Applets are programs sitting in your computer. Most run at the same privilege as your browser - they can read or write absolutely anything on your entire system (including any network to which you are connected). Some applets are distributed with your browser, but any kid on the Internet can download one to you if you have applets enabled (in IE at least). That new applet can take the name of an existing applet, and be a virus, trojan, or anything anyone in the world happens to feel like using you for (cf. The Attacks on GRC.COM). Stopping them, possibly except from trusted sites, is a basic security step. (Turning off Outlook Express is even more important - that's how most viri and trojans are actually distributed. Old-fashioned BBS text-only mail systems have their merits!)

HTML invokes applets with a beginning and end tag: <applet appletname> starts one, and </applet> ends it. So, this filter is triggered by the <applet sequence (without the > - remember that applet has one or more fields between <applet and the tag completion >, they can appear in any order and they could be anything at all including nonsense!) The filter then looks for anything at all (the *) until it finds </applet>, then stops. Then, it simply deletes (replaces by nothing) the whole sequence - tag, fields and all. Your browser never sees it.

You can also turn off applets in most browsers, and you should - there are new ways found every month or so to sneak trojans and other destructive programs into your computer. For example, MIME type "multipart/x-mixed-replace" allows more than one HTML page for every GET request. Each has its own header, and they don't have to be HTML - application/octet-stream loads anything the remote site wants onto your computer, then runs it. The Proxomitron only knows how to filter HTML (http://) and SSL (https://).

Note the large Limit - applets are so dangerous that you want to be sure you get rid of them, no matter how long they are. If you meet up with a malformed page that doesn't close an applet, The Proxomitron will have to read all the way to the end of the page before it can send any of it to your browser - slow but safe.

If you want to be warned when you meet up with a site that uses applets, add
Replace = "[Applet Killed]"
Just remember that this will only let you know of the 'up front' applets, not the sneaky ones.

Name = "Kill ActiveX" URL = "^(*.microsoft.com/)" Match = "<object\s*</object>"

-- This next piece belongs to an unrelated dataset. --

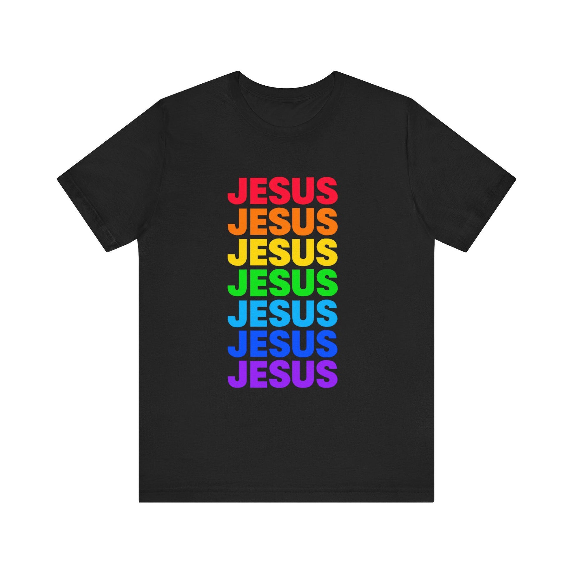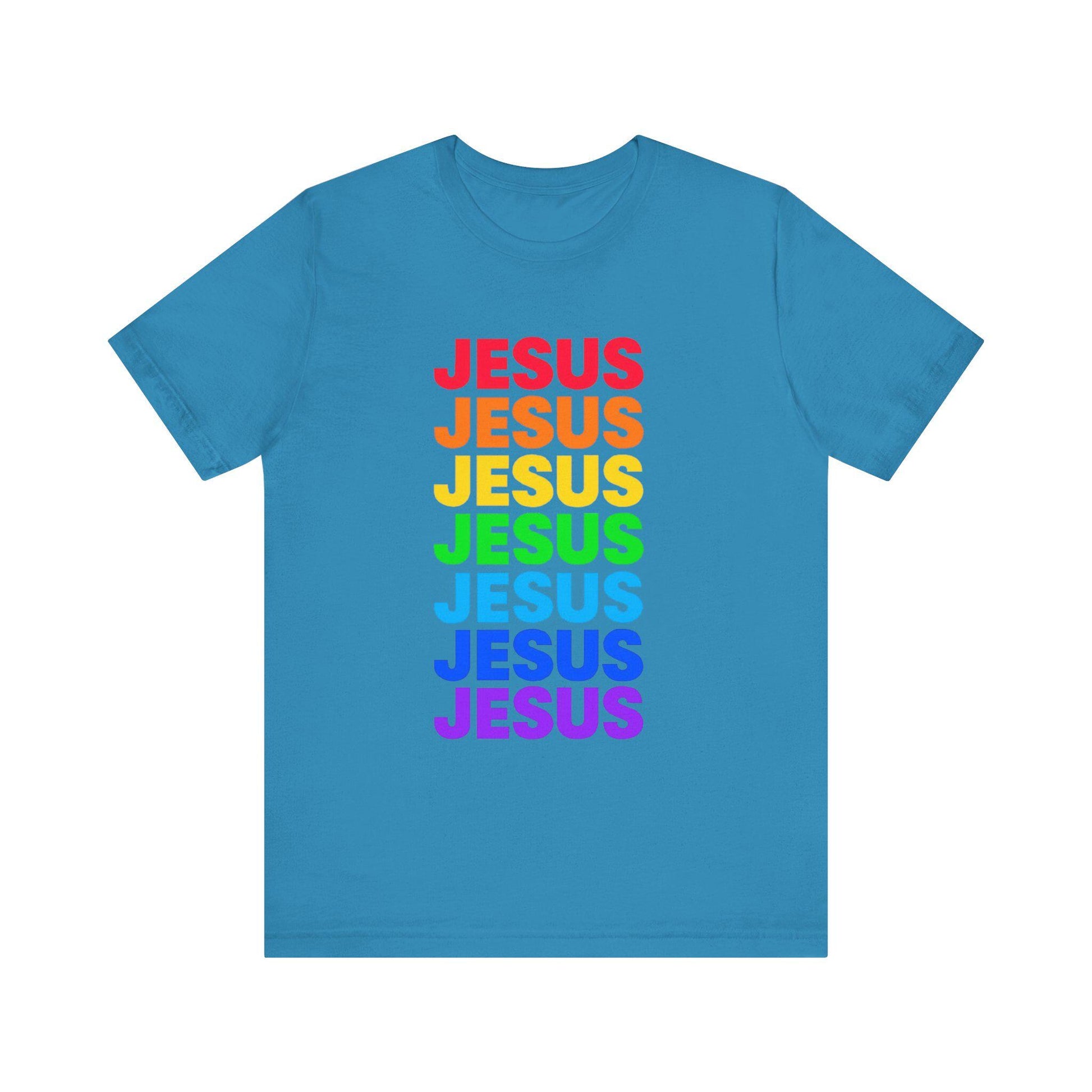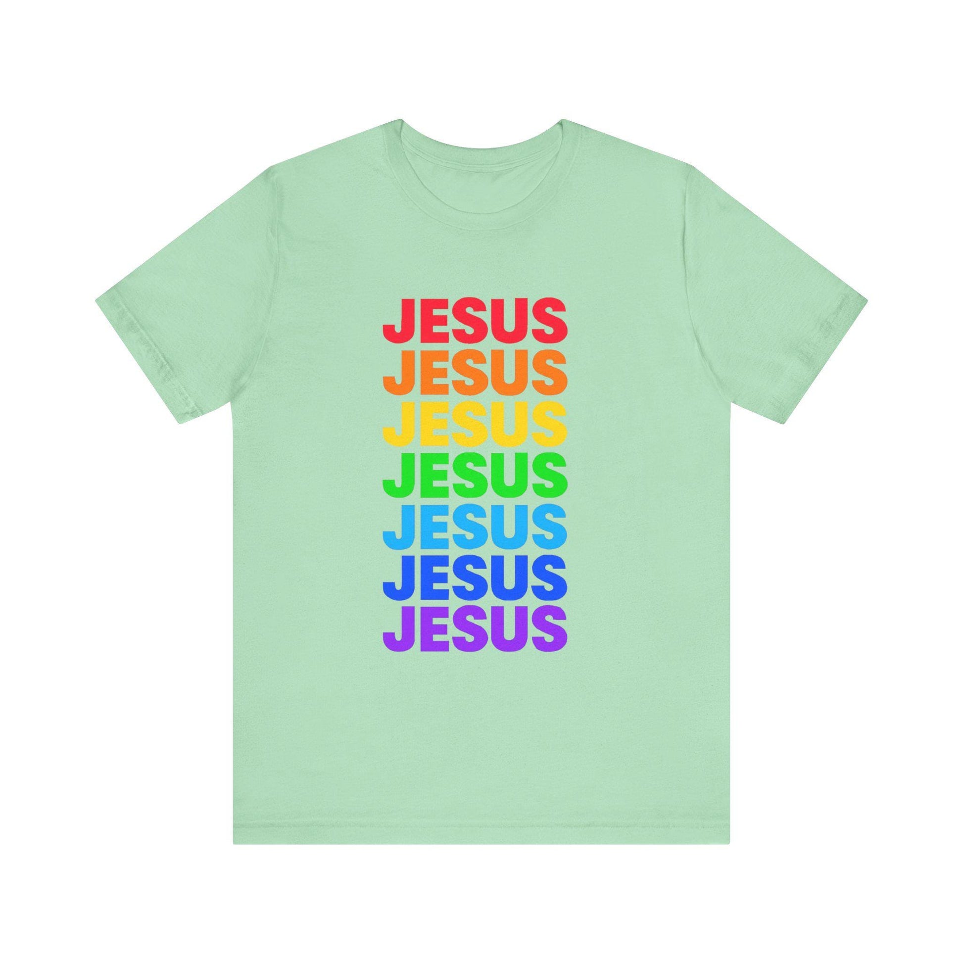 Show the world your love for the Lord with the colorful tee. The t-shirt features the name Jesus written multiple times in bright rainbow writing. This classic unisex jersey short sleeve tee fits like a well-loved favorite. Soft cotton and quality print make users fall in love with it over and over again. These t-shirts have-ribbed knit collars to bolster shaping. The shoulders are tapered for a better fit over time. Dual side seams hold the garment's shape for longer.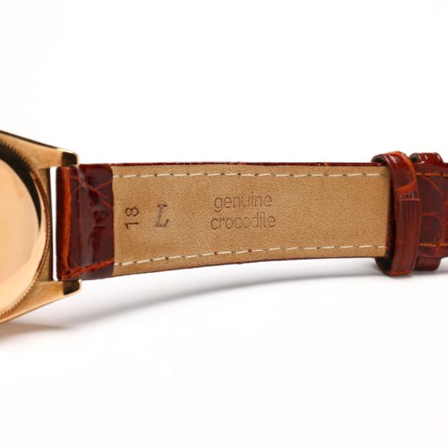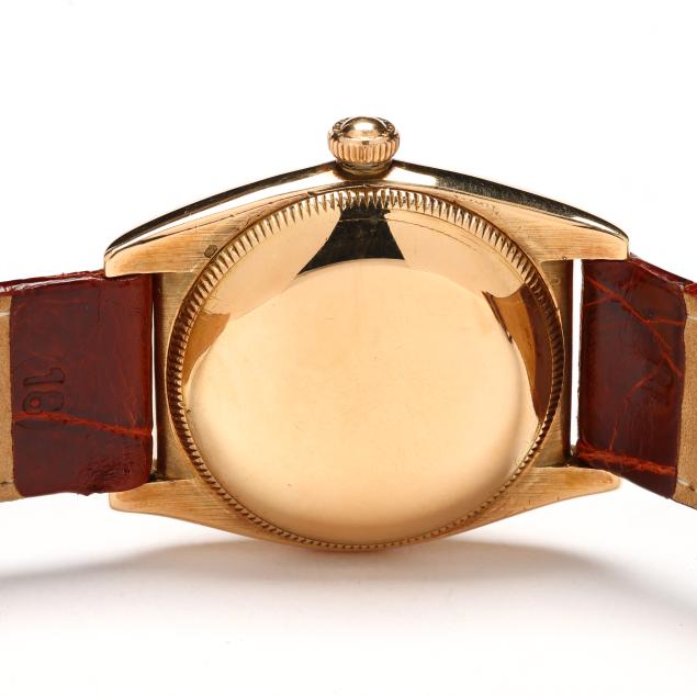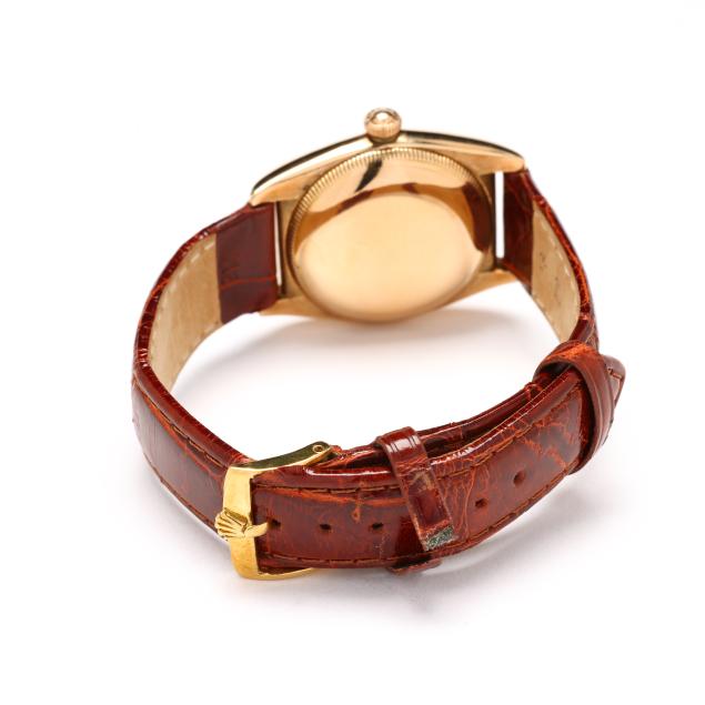 Circa 1946, automatic, reference number 3130, serial number 443973, the gold three-piece Oyster case with polished gold bezel and Swiss hallmark for 14KT, the signed silver dial with gold Roman numeral hour markers, gold sword hands, and subsidiary second dial at 6:00 hour, the brown textured leather strap completed with gold buckle stamped and testing 18KT, the signed gold caseback interior marked 0.585-14K.

This works the same as the Kill applets filter, but deletes ActiveX things except for Microsoft sites that supply updates for your operating system. (If you don't trust Microsoft, you're using Linux or something like it, and ActiveX won't work anyway!) As with applets, it's a good precaution to turn off ActiveX in your browser as well, and only activate it when you want to update Microsoft code online. (By the way, Microsoft provides file download executables for most updates; using them you don't need ActiveX at all, and you can back up your upgrades as well.)

Name = "Kill scripts" Match = "<script\s*</script>"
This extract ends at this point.